### HOW TO COMPLETE THIS TASK
Would you give the listing again exactly as written, minus its pictures?

### COLLECTED DATA

►

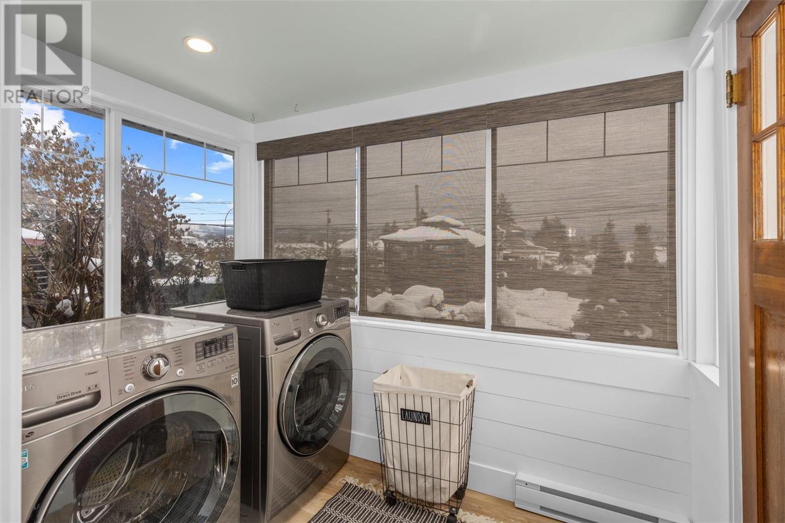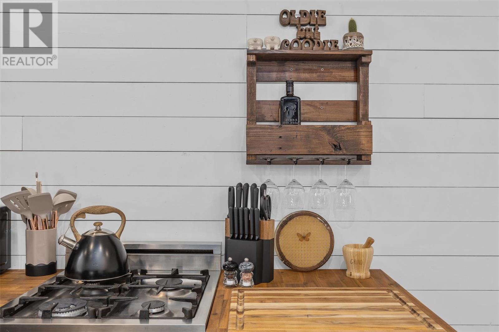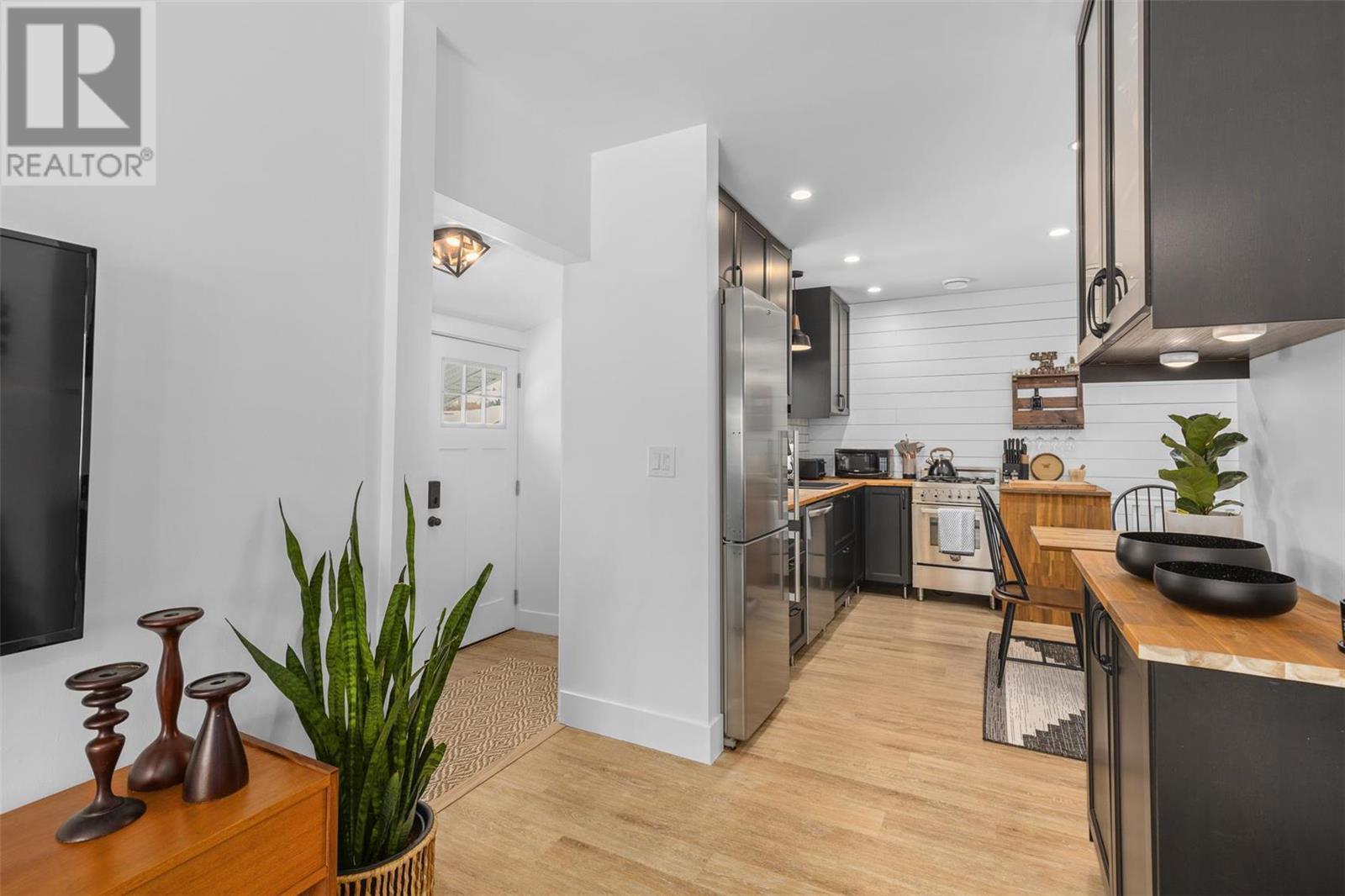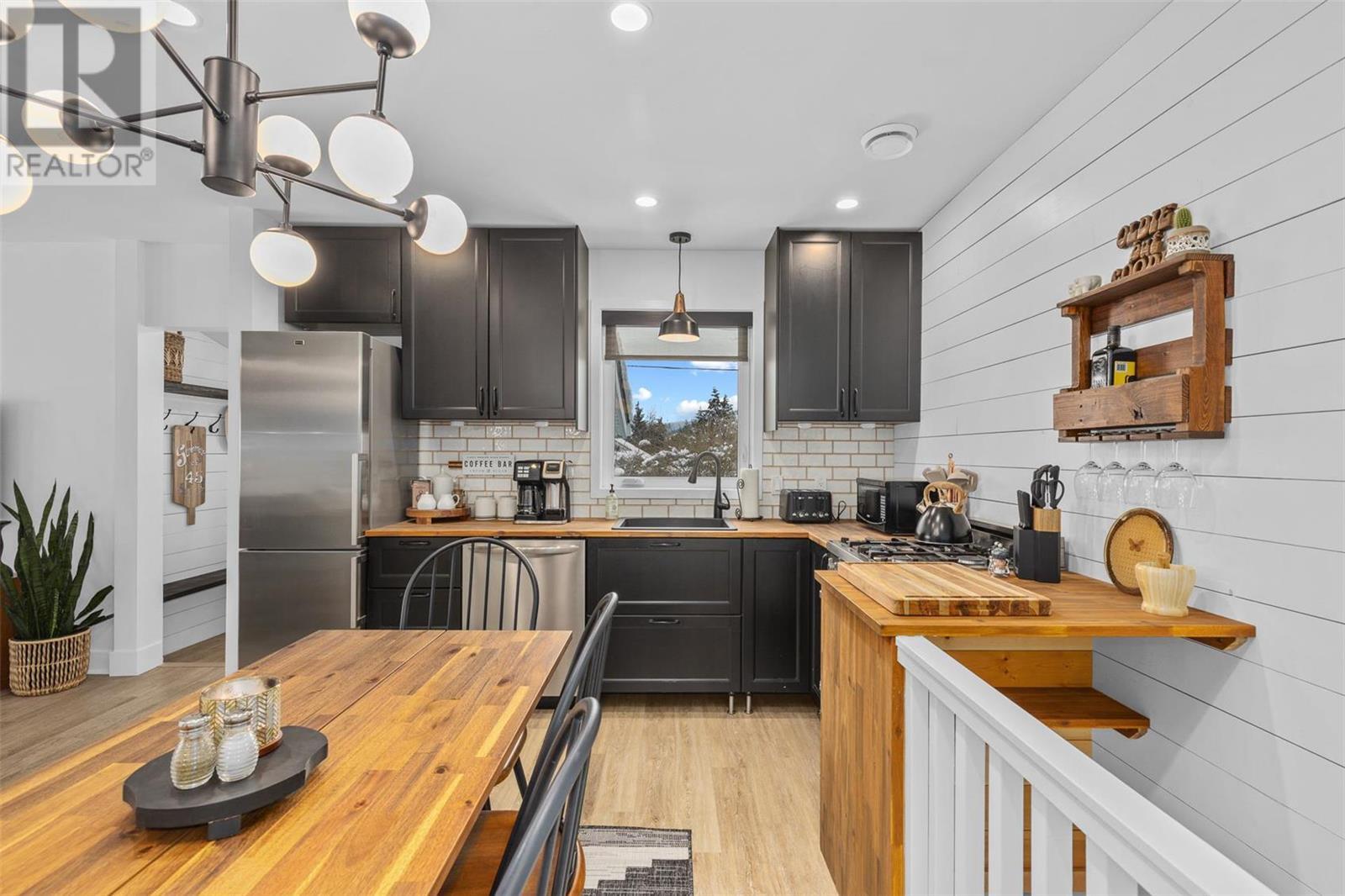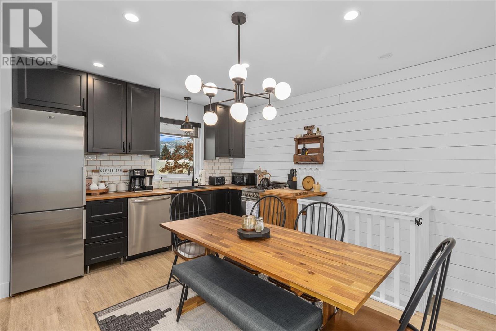Charming 1940's character home, located within walking distance of Summerland main town shopping, schools, parks, wineries and amenities. Walk in the door to your adorable mudroom then step into an open concept main floor, perfect for entertaining, large windows create tons of natural lighting. Gorgeous updated kitchen with high end gas stove, stainless steal appliances, butcher block countertops, ship lap and mid century lighting. Modern esthetic with old school charm. Easy to maintain vinyl flooring, high end pull down blinds. Half bath conveniently located upstairs with massive skylight. Partially finished basement has bedroom perfect for guests or office, tons of storage. Fully fenced corner lot, large metal gazebo and surrounded by mature landscaping. Single detached garage with attached workshop plus room for additional parking. Features keyless entry with security cameras. With 2 living rooms and 4 bedrooms plenty of room for a growing family. A MUST SEE, 10/10. (id:22211)
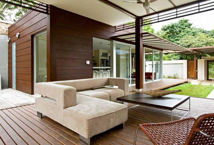 Åpen veranda festet til huset. Bilder av unike løsninger
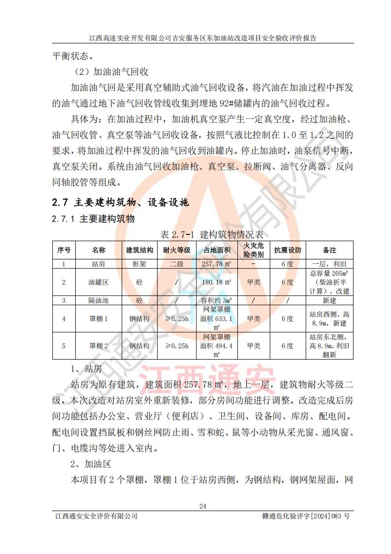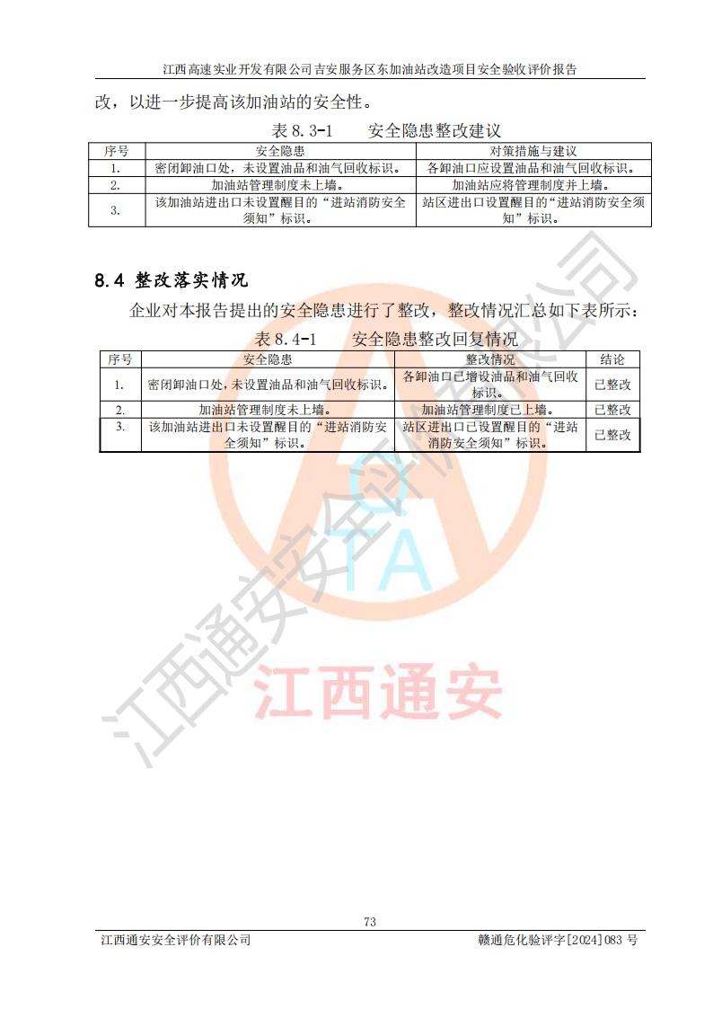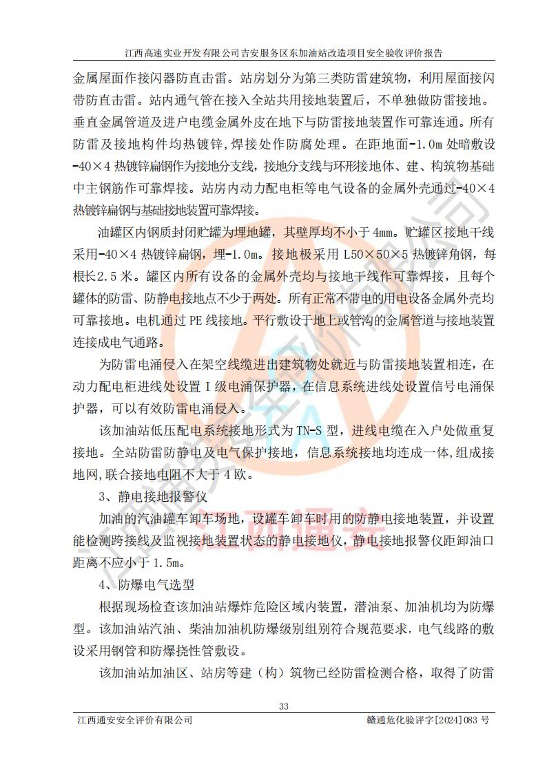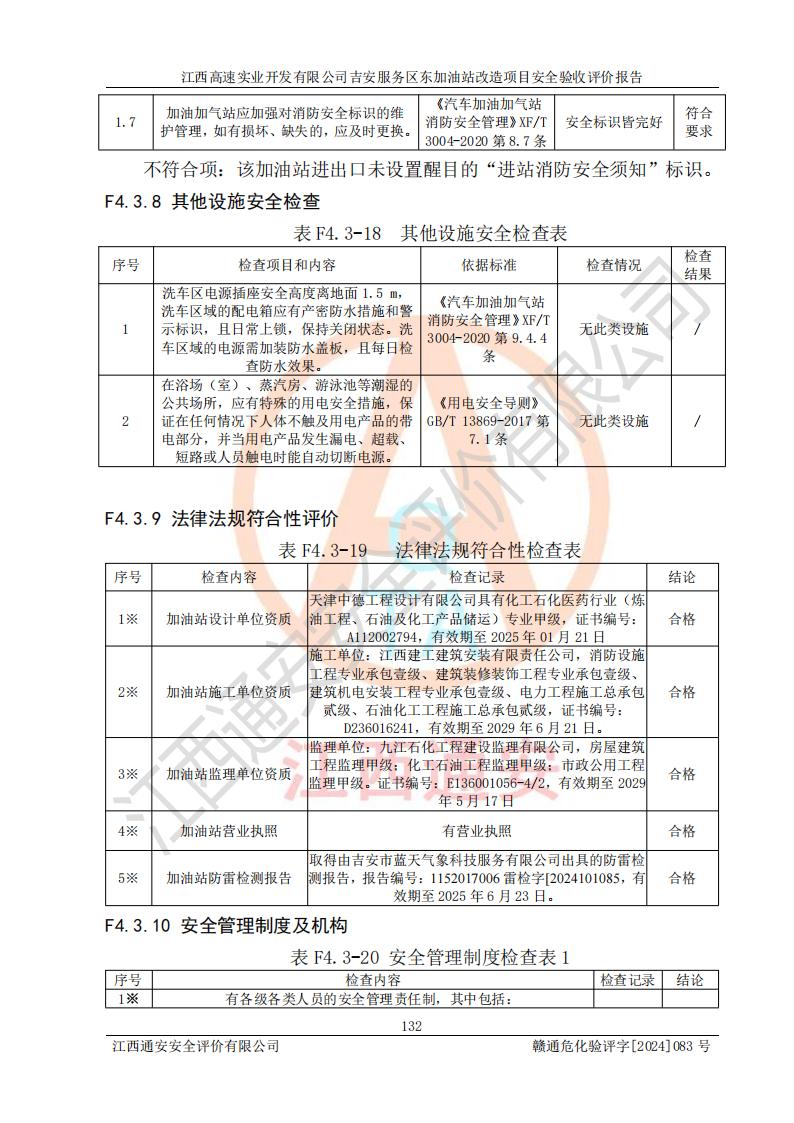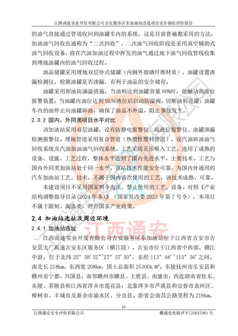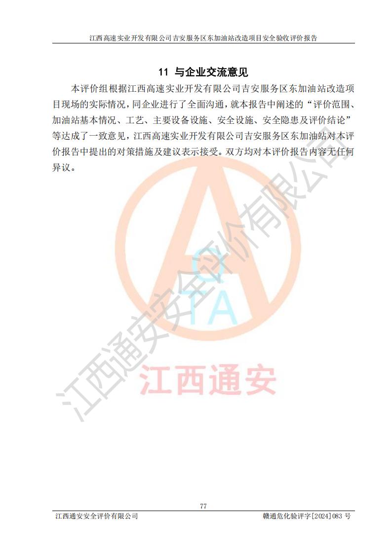 評價報告名稱 | 江西高速實業(yè)開發(fā)有限公司吉安服務(wù)區(qū)東加油站改造項目安全驗收狀評價報告 | |||

◄

### SOLUTION
Charming 1940's character home, located within walking distance of Summerland main town shopping, schools, parks, wineries and amenities. Walk in the door to your adorable mudroom then step into an open concept main floor, perfect for entertaining, large windows create tons of natural lighting. Gorgeous updated kitchen with high end gas stove, stainless steal appliances, butcher block countertops, ship lap and mid century lighting. Modern esthetic with old school charm. Easy to maintain vinyl flooring, high end pull down blinds. Half bath conveniently located upstairs with massive skylight. Partially finished basement has bedroom perfect for guests or office, tons of storage. Fully fenced corner lot, large metal gazebo and surrounded by mature landscaping. Single detached garage with attached workshop plus room for additional parking. Features keyless entry with security cameras. With 2 living rooms and 4 bedrooms plenty of room for a growing family. A MUST SEE, 10/10. (id:22211)
 Åpen veranda festet til huset. Bilder av unike løsninger
 評價報告名稱 | 江西高速實業(yè)開發(fā)有限公司吉安服務(wù)區(qū)東加油站改造項目安全驗收狀評價報告 | |||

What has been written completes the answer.